Healthcare

Top 5 opportunities and challenges of AI in healthcare

A discussion about digitising an industry is incomplete without mentioning Artificial intelligence (AI), which has had far-reaching effects on many sectors, including healthcare.

By enabling personalised healthcare treatment plans, speedy disease detection, and real-time patient monitoring, AI is quickly transforming the healthcare sector. They have expedited processes, reduced costs and improved patient outcomes.

While the potential benefits of AI in healthcare are enormous, there are also significant challenges that need to be addressed.

Let us explore the top five opportunities and challenges of AI in healthcare and examine how this technology is changing the face of modern medicine.


Jump at the opportunities, Carpe Occasionem

  1. Enhanced medical diagnosis
  2. The USA sees 12 million diagnostic errors annually, with 33% leading to irreversible harm or death.

    AI makes for a promising medical diagnostics tool, because of its ability to process and analyse large amounts of data accurately and quickly.

    For example, a trained AI model can help identify lung cancer lesions by analysing patterns and traits associated with the disease.

  3. Personalised treatment plans
  4. AI can enable personalised treatment plans based on a patient's medical history, current condition, and other relevant factors. For example, a smart inhaler with GPS tracking can help clinicians identify a patient's asthma triggers by using the recorded location and inhaler usage information, and tailor a treatment plan accordingly, which is not possible with lab tests alone.

  5. Improving patient outcomes
  6. Healthcare professionals have hectic schedules. Take, for example, nurses working in the Intensive Care Unit (ICU). With multiple patients in critical conditions to watch over, it can be challenging to monitor everyone round-the-clock.

    AI comes to the rescue in such situations. Healthcare providers can monitor patients' progress 24/7 and predict potential complications in real-time, thereby preventing hospital readmissions and possibly even averting major mishaps. This enhances patient outcomes and reduces healthcare costs.

  7. Drug discovery and development
  8. AI can analyse drug interaction data and recommend effective drugs for specific illnesses, accelerating the process of discovering and developing more effective medications.

    By training on vast chemical compound databases, AI can identify patterns and connections between biological activities, alongside factors such as drug safety, and toxicity. This enables the estimation of a compound's efficacy in treating a specific condition.

  9. Streamlining administrativetasks
  10. When non-value-adding, repetitive, and time-consuming administrative activities like billing, scheduling, record-keeping, and resource allocation (staffing, equipment, and facilities) are off the staff's plate, healthcare institutions can operate more effectively. Virtual assistants and AI-powered chatbots can be of significant help in this situation.


Rise to the challenges, Vincere Impedimenta

  • Data privacy and security

  • Access to confidential patient data is crucial for training AI models, but the rise in data breaches over the years raises ethical concerns. Compliance with regulations such as General Data Protection Regulation (GDPR) and Health Insurance Portability and Accountability Act (HIPAA) is necessary to prioritise patient safety, but such checks slow down AI adoption in healthcare.

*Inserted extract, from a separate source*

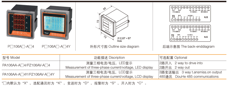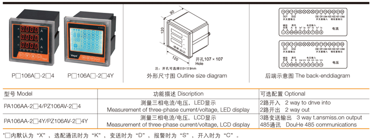 X系列可编程电测仪表,主要是电网中对电流、电压、功率、频率、功率因素等电参量的测量和显示,变比键盘可设,具有显示直观、精度高、稳定性好、抗震动等优点,可用于波形严重畸变的场所。

    Such regulatory and ethical checks, despite being a necessity, severely slow down AI’s adoption in healthcare.

  • Accurate but flawed

  • While AI can be an accurate diagnostician, it's not flawless and is susceptible to errors when applied to new populations or clinical settings that are not represented in the training data.

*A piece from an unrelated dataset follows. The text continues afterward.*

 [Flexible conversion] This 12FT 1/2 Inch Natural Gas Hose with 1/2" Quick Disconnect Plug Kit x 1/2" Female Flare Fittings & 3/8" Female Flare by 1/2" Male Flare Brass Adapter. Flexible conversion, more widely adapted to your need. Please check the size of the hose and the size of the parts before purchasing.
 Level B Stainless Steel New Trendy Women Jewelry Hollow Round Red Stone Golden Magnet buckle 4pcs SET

    AI’s limitations in detecting changes in data or context can impact its learning precision. Thorough clinical validation before implementation is the only remedy for this shortcoming.

  • Transparency

  • AI systems are like mysterious "black boxes". They don't explain how they came to a conclusion, which makes clinicians hesitant to trust them.

    This issue is resolved by Explainable AI (XAI), however, it hasn't yet gained popularity. With more studies in this area, healthcare professionals can expect to work with sophisticated yet understandable AI models.

  • Expense and time

  • Annotating a single model requires about 10,000 images. This makes data processing time-consuming and expensive. Considering the legal and moral restrictions related to the use of personal health information, finding high-quality medical data is another significant difficulty. This prolongs and increases the cost of an AI healthcare project.

  • Raising AI awareness

  • Healthcare providers see AI as a job threat, but this stems from a lack of understanding of its potential. AI is meant to complement, not replace, people by providing insights.

    Moreover, technology can't replace empathy and the human touch. Staff also lack confidence in handling AI applications, hindering their acceptance.

    Training programs to raise AI awareness can help overcome these challenges.


    Cheers to better health

    By 2026, the market for AI in healthcare is projected to be worth over USD 8 billion, according to Acumen Research and Consulting.

    While AI has the potential to revolutionise the way we diagnose, treat, and prevent diseases, it also poses ethical, regulatory, and practical challenges that must be addressed.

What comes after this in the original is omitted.